***** Records to process
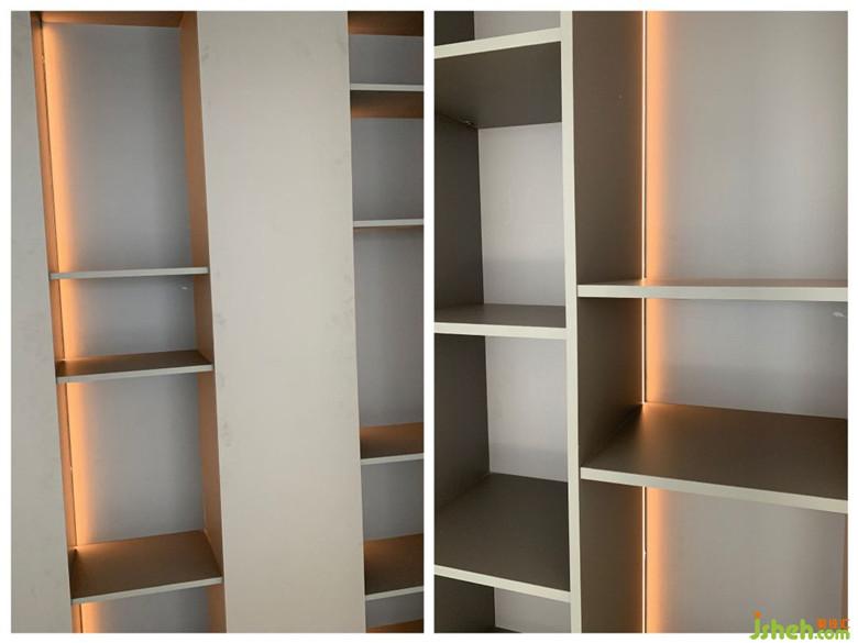 主卧衣帽间,层高≈2700mm,设计了整面到顶的衣柜,为了保证如此高度的门片不变形,采用了一体式铝合金边框拉手柜门,而上下各预留了0.5cm-1cm的空间间隙,
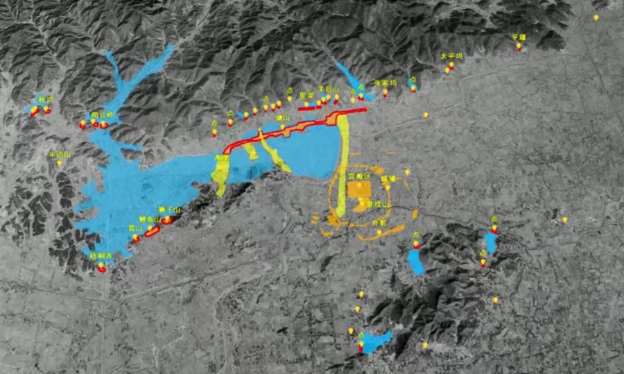 依据此办法,近年来新发现20余条良渚水坝(图中黄色点位所示),基本揭示良渚古城遗址外围水利系统完整结构。
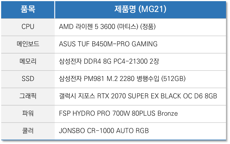 4월 월간견적과 부품 구성이 같습니다. 메인보드는ASUS TUF B450M-PRO GAMING 제품이 들어가는데요, 만약 박격포 MAX 제품을 원하시는 분들은 해당 제품으로 변경하셔도 됩니다. 파워 제품은 SuperFlower 600 MEGA 제품이 들어가는데, 만약 부품을 업그레이드할 예정이 있으신 분들은 파워 용량을 700 이상으로 같이 업그레이드 해주셔야 합니다.
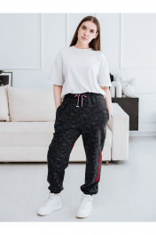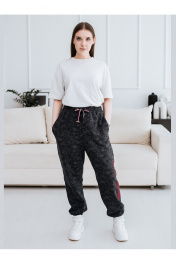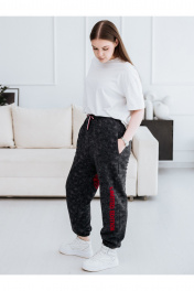 Комфортные женские брюки спортивного стиля. Изготовлены из плотного 3х-ниточного хлопкового футера без начеса, состав ткани 95% хлопок, 5% эластан, цвет серый с эффектом варки. Брюки с резинкой по талии и по низу, пояс с отделочной тесьмой и металлической фурнитурой высокого качества. Карманы в боковых швах. Декорированы текстовым флок-принтом (бархатистое покрытие), данный вид печати на ткани отлично стирается, не трескается, после нескольких лет активной носки выглядит как новый. Брюки универсальны и подходят как для повседневной носки, так и для спорта, активного отдыха. Стирать и утюжить с изнаночной стороны, стирка при 30С, бархатистый принт чистить липким роликом или скотчем при необходимости.
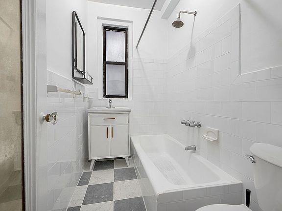 Unit 4A is a quiet, cozy refuge with 1 train on the corner, high ceilings and a combo washer dryer in unit. The renovated bathroom now crowns this spacious unit with a pretty entry foyer, massive windowed kitchen, and beamed ceilings in living room.
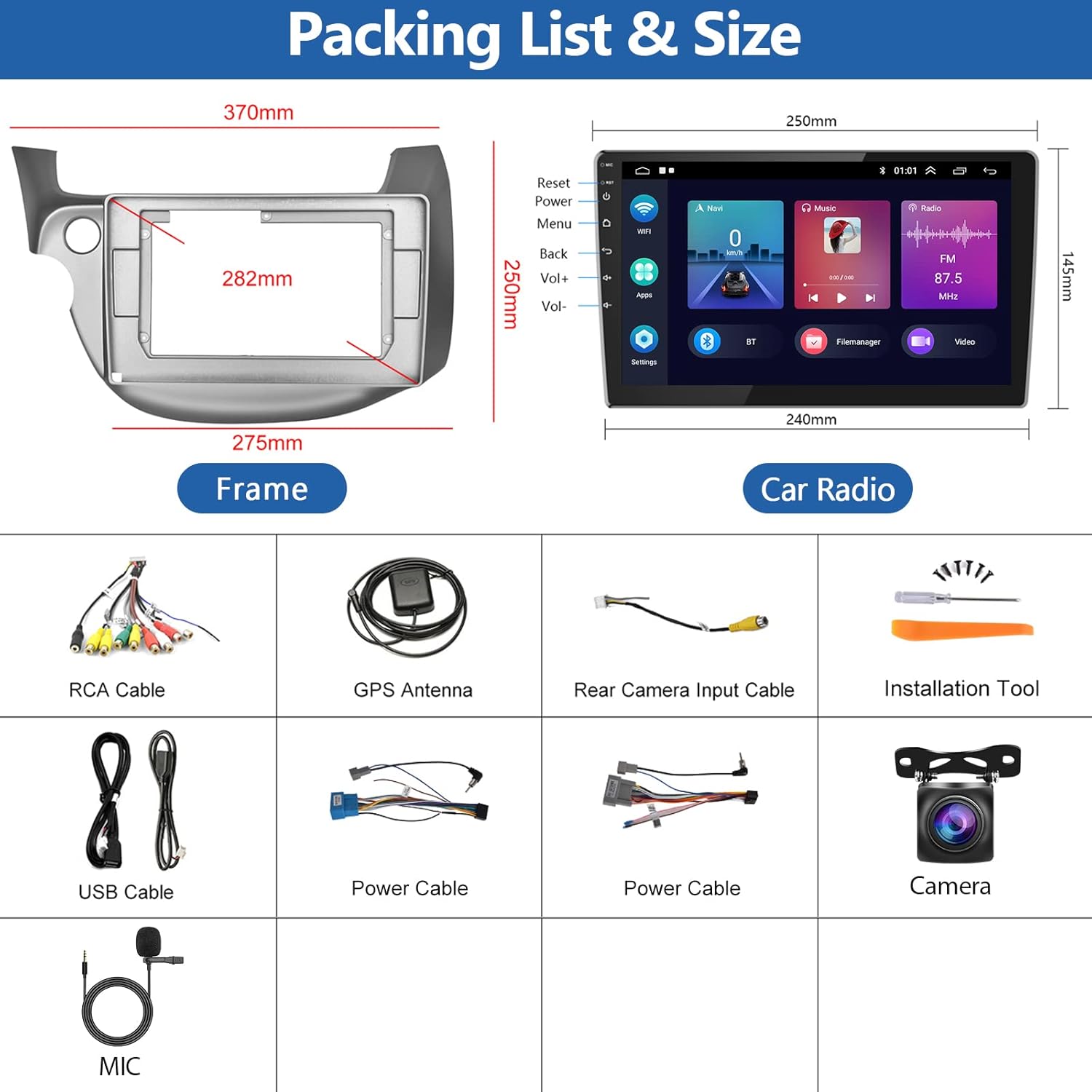 【Built-in DSP】 Car Stereo for Honda Fit 2008-2013 Radio,CarPlay Android Auto,GPS Chip WiFi MirrorLink 5.0Bluetooth FM/RDS 26UIs Split Screen SWC AHD Backup Camera 2G+32G
**********
To do: Transcribe exactly and only the lines from the top of the records through the line containing "4월 월간견적과 부품", inclusive, and do not copy the pictures.

Result of the task:
 主卧衣帽间,层高≈2700mm,设计了整面到顶的衣柜,为了保证如此高度的门片不变形,采用了一体式铝合金边框拉手柜门,而上下各预留了0.5cm-1cm的空间间隙,
 依据此办法,近年来新发现20余条良渚水坝(图中黄色点位所示),基本揭示良渚古城遗址外围水利系统完整结构。
 4월 월간견적과 부품 구성이 같습니다. 메인보드는ASUS TUF B450M-PRO GAMING 제품이 들어가는데요, 만약 박격포 MAX 제품을 원하시는 분들은 해당 제품으로 변경하셔도 됩니다. 파워 제품은 SuperFlower 600 MEGA 제품이 들어가는데, 만약 부품을 업그레이드할 예정이 있으신 분들은 파워 용량을 700 이상으로 같이 업그레이드 해주셔야 합니다.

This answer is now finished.